• [TASK PROMPT]: Lines to return, exactly: from the line with "ห้างสรรพสินค้า SKP" to the line with "Gambar 8. Gelar Karya" in the entries below, both included.

RECORDED INFORMATION Start Marker

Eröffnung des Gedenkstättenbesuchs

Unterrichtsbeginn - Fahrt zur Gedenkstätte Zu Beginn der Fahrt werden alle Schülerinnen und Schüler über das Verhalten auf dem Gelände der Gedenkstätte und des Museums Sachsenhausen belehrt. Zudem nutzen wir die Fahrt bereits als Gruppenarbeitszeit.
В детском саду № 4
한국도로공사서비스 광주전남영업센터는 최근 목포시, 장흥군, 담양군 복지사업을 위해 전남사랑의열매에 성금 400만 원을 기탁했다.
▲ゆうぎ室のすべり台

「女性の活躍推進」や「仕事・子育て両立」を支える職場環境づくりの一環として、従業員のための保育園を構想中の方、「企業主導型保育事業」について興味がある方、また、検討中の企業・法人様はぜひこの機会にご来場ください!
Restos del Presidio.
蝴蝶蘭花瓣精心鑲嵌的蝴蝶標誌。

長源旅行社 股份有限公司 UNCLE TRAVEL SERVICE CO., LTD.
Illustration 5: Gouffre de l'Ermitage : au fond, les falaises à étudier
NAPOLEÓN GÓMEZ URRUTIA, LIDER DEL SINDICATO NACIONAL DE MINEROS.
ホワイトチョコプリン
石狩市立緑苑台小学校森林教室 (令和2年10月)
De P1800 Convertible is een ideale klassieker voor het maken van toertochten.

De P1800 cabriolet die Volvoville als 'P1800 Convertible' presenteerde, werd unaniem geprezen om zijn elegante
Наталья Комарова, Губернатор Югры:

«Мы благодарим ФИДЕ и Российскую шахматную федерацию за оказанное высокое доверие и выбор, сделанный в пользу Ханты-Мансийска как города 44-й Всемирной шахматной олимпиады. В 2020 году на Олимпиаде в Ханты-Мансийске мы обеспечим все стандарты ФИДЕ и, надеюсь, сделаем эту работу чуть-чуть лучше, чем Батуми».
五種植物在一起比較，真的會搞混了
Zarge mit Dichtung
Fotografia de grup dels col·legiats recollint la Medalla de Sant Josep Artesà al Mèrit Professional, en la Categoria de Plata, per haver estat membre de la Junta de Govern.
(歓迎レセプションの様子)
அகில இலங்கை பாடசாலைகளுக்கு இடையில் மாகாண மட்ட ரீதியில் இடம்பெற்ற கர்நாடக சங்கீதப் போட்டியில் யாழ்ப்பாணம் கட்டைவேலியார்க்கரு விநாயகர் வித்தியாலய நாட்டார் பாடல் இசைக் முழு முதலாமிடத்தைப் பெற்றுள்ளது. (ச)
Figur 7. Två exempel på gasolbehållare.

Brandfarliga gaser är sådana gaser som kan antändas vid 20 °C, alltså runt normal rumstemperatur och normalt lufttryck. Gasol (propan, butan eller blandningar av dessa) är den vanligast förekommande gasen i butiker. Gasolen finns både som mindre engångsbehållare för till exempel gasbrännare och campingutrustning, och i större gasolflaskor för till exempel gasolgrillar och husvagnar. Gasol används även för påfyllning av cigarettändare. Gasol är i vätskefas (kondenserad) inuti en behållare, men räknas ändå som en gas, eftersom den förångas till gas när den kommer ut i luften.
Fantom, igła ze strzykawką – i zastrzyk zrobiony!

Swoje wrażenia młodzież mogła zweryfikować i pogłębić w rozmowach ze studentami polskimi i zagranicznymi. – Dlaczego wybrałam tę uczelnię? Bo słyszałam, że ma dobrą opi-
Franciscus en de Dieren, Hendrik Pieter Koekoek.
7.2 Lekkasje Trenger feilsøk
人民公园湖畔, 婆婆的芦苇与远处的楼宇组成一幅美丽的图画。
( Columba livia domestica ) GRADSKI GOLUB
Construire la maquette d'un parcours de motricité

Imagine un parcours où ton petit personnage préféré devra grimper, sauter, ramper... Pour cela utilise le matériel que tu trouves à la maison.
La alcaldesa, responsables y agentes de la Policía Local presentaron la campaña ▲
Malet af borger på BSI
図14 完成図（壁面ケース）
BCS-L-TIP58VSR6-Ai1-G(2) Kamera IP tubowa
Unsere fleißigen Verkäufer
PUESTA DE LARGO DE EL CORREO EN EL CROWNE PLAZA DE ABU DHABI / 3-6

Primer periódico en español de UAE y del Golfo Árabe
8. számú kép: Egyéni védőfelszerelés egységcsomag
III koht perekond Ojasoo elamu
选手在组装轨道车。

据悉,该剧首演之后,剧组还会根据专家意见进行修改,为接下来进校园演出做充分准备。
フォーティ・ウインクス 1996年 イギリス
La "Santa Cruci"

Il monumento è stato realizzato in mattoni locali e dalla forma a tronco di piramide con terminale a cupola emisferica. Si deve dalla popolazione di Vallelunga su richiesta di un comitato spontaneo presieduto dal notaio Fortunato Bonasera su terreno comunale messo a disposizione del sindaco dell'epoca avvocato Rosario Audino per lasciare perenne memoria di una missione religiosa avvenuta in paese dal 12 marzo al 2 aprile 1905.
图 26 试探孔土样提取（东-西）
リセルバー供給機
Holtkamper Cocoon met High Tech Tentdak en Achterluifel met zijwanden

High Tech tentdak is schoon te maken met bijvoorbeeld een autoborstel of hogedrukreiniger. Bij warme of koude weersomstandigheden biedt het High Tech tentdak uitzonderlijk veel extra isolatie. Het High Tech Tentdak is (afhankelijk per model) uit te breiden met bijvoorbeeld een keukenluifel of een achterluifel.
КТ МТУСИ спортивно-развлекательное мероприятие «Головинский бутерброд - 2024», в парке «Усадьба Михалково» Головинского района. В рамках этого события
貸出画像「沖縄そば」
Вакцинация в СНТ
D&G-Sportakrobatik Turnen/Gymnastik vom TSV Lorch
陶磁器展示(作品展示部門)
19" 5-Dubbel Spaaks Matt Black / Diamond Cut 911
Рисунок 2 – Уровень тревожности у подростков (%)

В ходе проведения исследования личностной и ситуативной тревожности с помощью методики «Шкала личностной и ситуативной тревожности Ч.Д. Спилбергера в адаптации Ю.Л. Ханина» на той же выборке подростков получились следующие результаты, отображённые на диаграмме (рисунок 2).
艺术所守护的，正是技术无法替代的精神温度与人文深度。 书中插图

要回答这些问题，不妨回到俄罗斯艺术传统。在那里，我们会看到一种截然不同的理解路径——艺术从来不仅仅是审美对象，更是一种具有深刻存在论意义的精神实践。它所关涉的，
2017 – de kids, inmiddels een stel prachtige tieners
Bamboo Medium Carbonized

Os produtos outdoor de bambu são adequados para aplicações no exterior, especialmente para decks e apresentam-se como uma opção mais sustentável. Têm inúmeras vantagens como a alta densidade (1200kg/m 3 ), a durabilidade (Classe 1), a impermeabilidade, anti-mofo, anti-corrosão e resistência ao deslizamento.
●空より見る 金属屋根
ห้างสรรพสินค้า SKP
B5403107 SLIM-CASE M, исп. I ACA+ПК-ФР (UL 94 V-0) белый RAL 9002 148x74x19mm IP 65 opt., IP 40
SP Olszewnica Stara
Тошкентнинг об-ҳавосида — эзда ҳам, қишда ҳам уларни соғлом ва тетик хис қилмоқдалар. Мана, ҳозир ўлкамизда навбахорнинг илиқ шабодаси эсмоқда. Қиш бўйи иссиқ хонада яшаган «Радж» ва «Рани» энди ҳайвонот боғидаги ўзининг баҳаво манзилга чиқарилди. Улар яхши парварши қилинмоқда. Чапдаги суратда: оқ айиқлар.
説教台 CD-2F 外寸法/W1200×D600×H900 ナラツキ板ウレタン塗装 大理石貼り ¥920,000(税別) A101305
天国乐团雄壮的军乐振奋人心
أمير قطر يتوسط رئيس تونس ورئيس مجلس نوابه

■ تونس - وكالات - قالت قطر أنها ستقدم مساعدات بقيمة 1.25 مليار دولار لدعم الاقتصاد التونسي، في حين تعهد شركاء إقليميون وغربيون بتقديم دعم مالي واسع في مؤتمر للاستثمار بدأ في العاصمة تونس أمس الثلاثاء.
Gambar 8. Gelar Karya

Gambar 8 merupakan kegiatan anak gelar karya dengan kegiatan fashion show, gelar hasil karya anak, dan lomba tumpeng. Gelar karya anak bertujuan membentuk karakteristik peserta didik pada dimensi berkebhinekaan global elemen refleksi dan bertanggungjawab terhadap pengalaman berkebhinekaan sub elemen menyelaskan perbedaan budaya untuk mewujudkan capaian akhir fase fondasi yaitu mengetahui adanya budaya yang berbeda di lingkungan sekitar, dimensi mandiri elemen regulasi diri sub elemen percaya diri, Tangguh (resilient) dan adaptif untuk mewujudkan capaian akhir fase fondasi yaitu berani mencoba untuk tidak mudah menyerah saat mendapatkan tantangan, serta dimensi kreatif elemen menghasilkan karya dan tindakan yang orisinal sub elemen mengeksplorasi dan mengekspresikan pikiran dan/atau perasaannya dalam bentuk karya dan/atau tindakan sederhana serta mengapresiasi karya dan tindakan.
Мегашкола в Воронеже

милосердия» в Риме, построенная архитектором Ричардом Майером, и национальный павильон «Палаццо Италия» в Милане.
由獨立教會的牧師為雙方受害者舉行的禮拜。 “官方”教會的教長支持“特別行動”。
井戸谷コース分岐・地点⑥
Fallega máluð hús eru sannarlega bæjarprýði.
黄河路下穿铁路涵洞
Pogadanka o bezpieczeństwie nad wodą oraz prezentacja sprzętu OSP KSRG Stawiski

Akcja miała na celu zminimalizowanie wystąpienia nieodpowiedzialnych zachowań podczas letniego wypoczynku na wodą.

RECORDED INFORMATION End Marker

• [YOUR SOLUTION]:
ห้างสรรพสินค้า SKP
B5403107 SLIM-CASE M, исп. I ACA+ПК-ФР (UL 94 V-0) белый RAL 9002 148x74x19mm IP 65 opt., IP 40
SP Olszewnica Stara
Тошкентнинг об-ҳавосида — эзда ҳам, қишда ҳам уларни соғлом ва тетик хис қилмоқдалар. Мана, ҳозир ўлкамизда навбахорнинг илиқ шабодаси эсмоқда. Қиш бўйи иссиқ хонада яшаган «Радж» ва «Рани» энди ҳайвонот боғидаги ўзининг баҳаво манзилга чиқарилди. Улар яхши парварши қилинмоқда. Чапдаги суратда: оқ айиқлар.
説教台 CD-2F 外寸法/W1200×D600×H900 ナラツキ板ウレタン塗装 大理石貼り ¥920,000(税別) A101305
天国乐团雄壮的军乐振奋人心
أمير قطر يتوسط رئيس تونس ورئيس مجلس نوابه

■ تونس - وكالات - قالت قطر أنها ستقدم مساعدات بقيمة 1.25 مليار دولار لدعم الاقتصاد التونسي، في حين تعهد شركاء إقليميون وغربيون بتقديم دعم مالي واسع في مؤتمر للاستثمار بدأ في العاصمة تونس أمس الثلاثاء.
Gambar 8. Gelar Karya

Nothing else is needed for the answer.